- Adding rendered images for words on Memrise (Python script)
- Rendering text to PNG image files (Python script)
- Devanāgarī resources
- Tocharian resources
This is a collection of resources I have created/compiled for several (image based) Memrise courses, that teach alphabets such as Devanāgarī.
Adding rendered images for words on Memrise (Python script)
This is a script with a Graphical User Interface (GUI) that allows you to access the editing page of Memrise course through a browser window and render the words of the course's levels, adding those rendered images to the words in a (pre-existing) image column. The rendering engine can be selected through the GUI and can be either Pango or XeLaTeX. The script only processes those course levels in the browser window that are open/unfolded.
usage: render_words_on_memrise.py
Besides Python 3, the script relies on further third party software, in order to access Memrise through a browser window and to render the images. Therefore, the following programs need to be available on your system and callable by the script (by either having their executables in the working directory of the script, or by having their executables included in the operating system's PATH variable).
- For access to Memrise through a browser window, either of the following programs needs to be available:
- ChromeDriver for use with the Google Chrome browser.
- geckodriver for use with the Firefox browser.
- For rendering an item to a PNG image file that is subsequently uploaded to Memrise, the following programs need to be available:
- ImageMagick.
- Additionally, in case XeLaTeX is chosen as the rendering engine, a TeX distribution and Ghostscript are required.
Rendering text to PNG image files (Python script)
This is a script that generates PNG image files for a set of characters, as specified in a JSON file. It calls ImageMagick for creating the PNGs and uses either Pango or XeLaTeX to render the characters.

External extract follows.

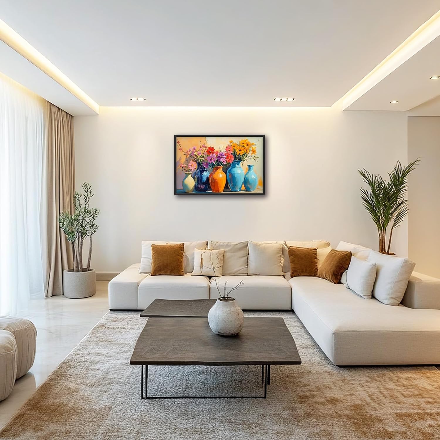 Large Colorful Floral Wall Art for Living Room, Framed Oversized Asian Flower Vase Decor Canvas Painting Sunlight Pictures Modern Artwork for Bathroom Bedroom Office Dining Room 36"x24"

usage: render_strings_to_png [-h] --engine {pango,xelatex}
JsonSpecificationFile
The same prerequisites as for the previous script apply.
The JSON specification has two main attributes: settings
and subsets
. They are further specified below. The top level structure of the JSON file is therefore:
{
"settings": {...},
"subsets": {...}
}
This contains specific settings for the data set:
- The name for this character set (which will be used to create an output directory)
- The default font (optional) to be used for rendering
- A skeleton for the Pango argument string to be fed to ImageMagick (in the case that the Pango rendering mode is selected at the command line).
- A skeleton for the XeLaTeX code to be executed to an intermediate PDF (in the case that the XeLaTeX rendering mode is selected at the command line).
For the latter two, the character string to be rendered will be inserted into the skeleton string at the point marked by {0}
and the font name will be inserted at the point marked by {1}
.
{
"name": "Devanāgarī",
"defaultFont": "Siddhanta",
"pango": "pango:<markup><span font_family=\"{1}\" size=\"192000\"> {0} </span></markup>",
"xelatex": "\\documentclass{{minimal}}\n\\usepackage{{fontspec}}\n\\usepackage{{xcolor}}\n\\setmainfont[Script=Devanagari]{{{1}}}\n\\begin{{document}}\n{0}\n\\end{{document}}"
}
This contains subsets of character data, all to be rendered to individual subfolders. Each subset is an array of character string objects.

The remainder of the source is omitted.